Using the records below, copy exactly the part that opens with the line holding "UNITED STATES: 5" and closes with the line holding "Deambulatore ascellare con", minus the pictures.

═══

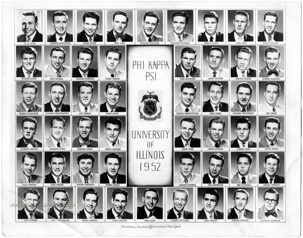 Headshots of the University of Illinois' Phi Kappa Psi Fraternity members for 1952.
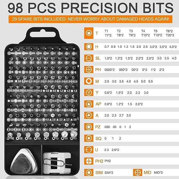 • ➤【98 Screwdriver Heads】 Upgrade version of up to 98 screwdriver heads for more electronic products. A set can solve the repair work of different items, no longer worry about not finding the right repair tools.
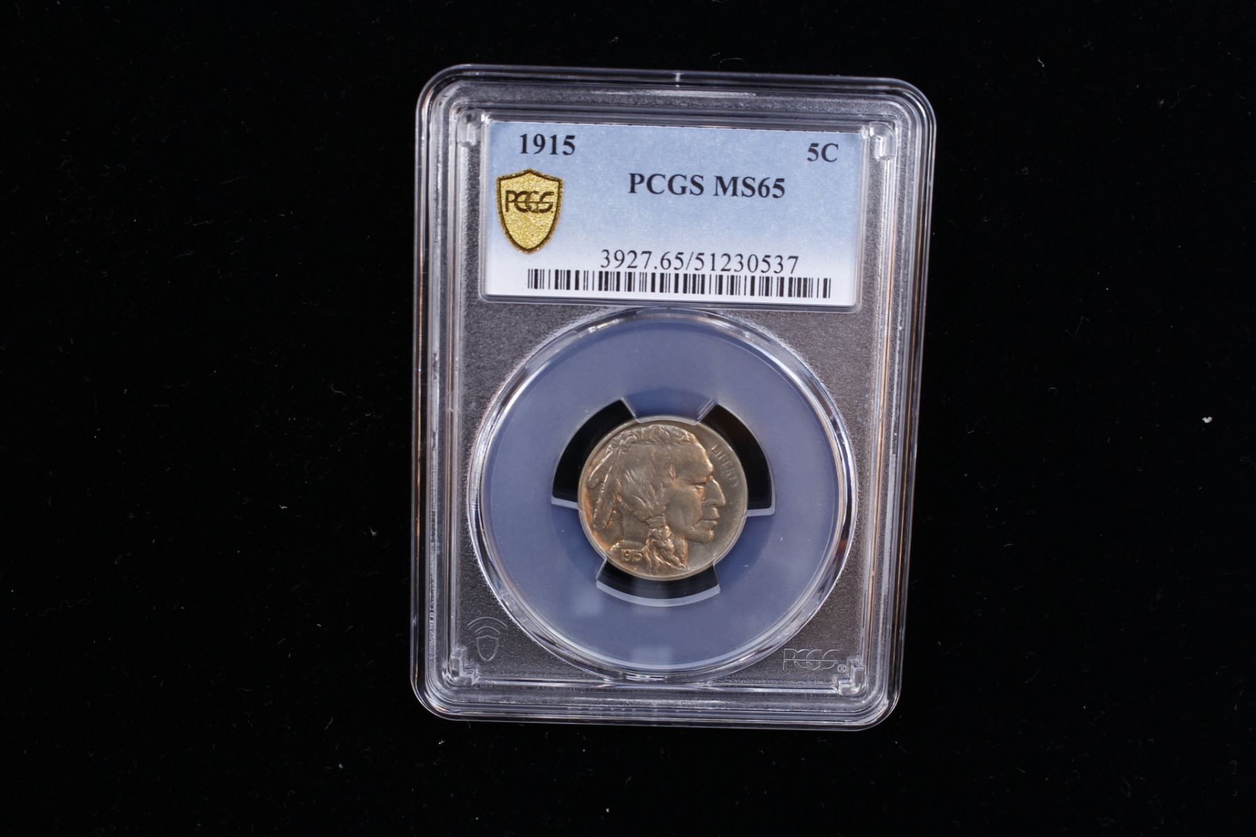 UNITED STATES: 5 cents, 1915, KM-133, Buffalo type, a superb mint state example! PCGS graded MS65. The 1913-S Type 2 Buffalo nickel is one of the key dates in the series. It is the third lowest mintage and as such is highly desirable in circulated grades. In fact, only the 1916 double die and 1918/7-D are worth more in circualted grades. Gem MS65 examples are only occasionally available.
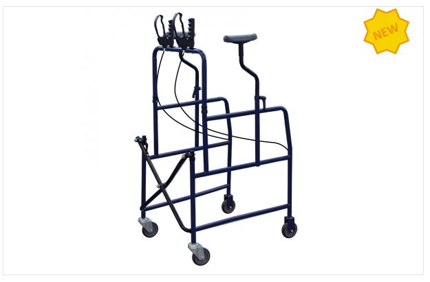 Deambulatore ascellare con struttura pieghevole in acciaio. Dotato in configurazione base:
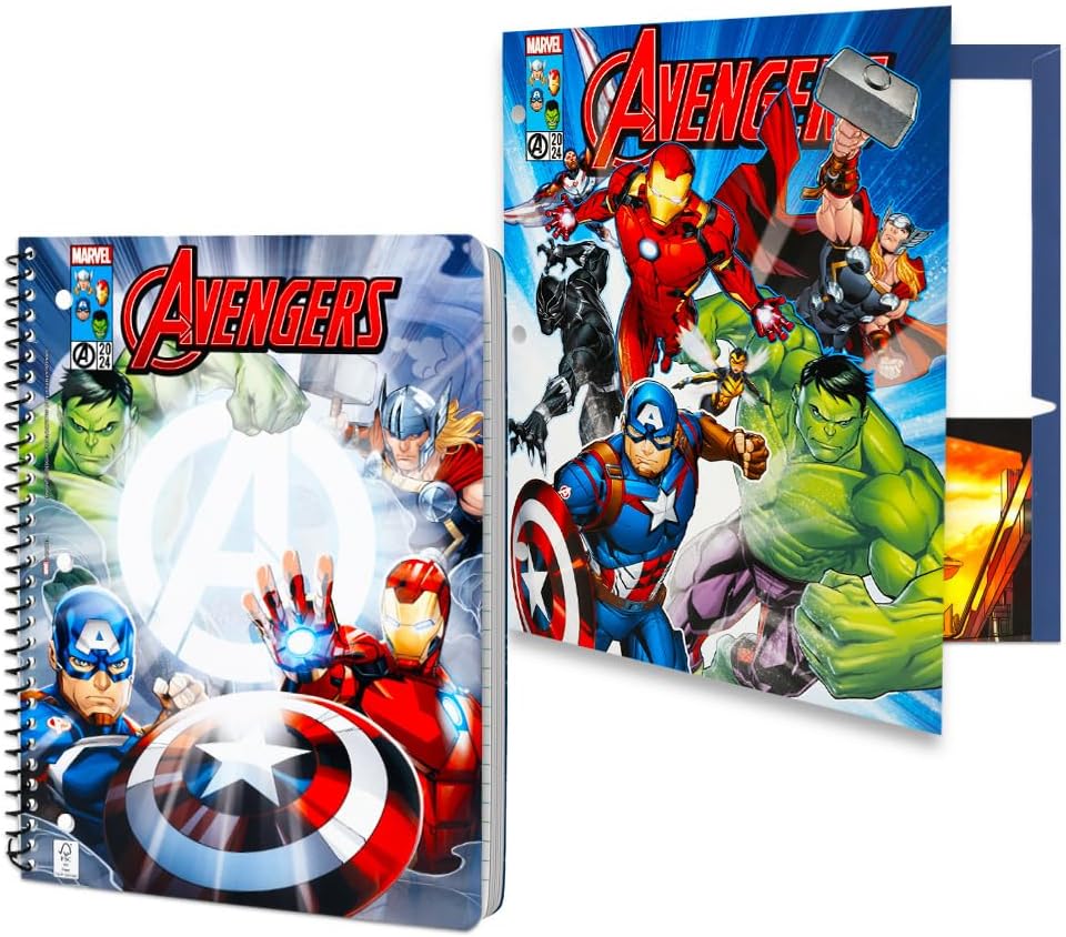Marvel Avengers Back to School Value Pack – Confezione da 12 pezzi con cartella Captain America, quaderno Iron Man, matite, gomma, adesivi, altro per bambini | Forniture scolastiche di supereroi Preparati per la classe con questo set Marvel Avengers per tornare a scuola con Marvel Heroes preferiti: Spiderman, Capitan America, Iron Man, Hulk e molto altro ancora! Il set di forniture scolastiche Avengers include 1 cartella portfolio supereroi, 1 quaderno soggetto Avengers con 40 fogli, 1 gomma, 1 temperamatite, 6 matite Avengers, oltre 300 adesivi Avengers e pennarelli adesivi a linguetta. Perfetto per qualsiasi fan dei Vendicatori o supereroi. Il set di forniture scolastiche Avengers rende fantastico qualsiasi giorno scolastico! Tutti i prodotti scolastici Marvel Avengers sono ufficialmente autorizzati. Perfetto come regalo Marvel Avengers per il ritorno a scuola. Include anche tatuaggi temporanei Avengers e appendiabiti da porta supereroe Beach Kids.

═══

• RESPONSE
 UNITED STATES: 5 cents, 1915, KM-133, Buffalo type, a superb mint state example! PCGS graded MS65. The 1913-S Type 2 Buffalo nickel is one of the key dates in the series. It is the third lowest mintage and as such is highly desirable in circulated grades. In fact, only the 1916 double die and 1918/7-D are worth more in circualted grades. Gem MS65 examples are only occasionally available.
 Deambulatore ascellare con struttura pieghevole in acciaio. Dotato in configurazione base:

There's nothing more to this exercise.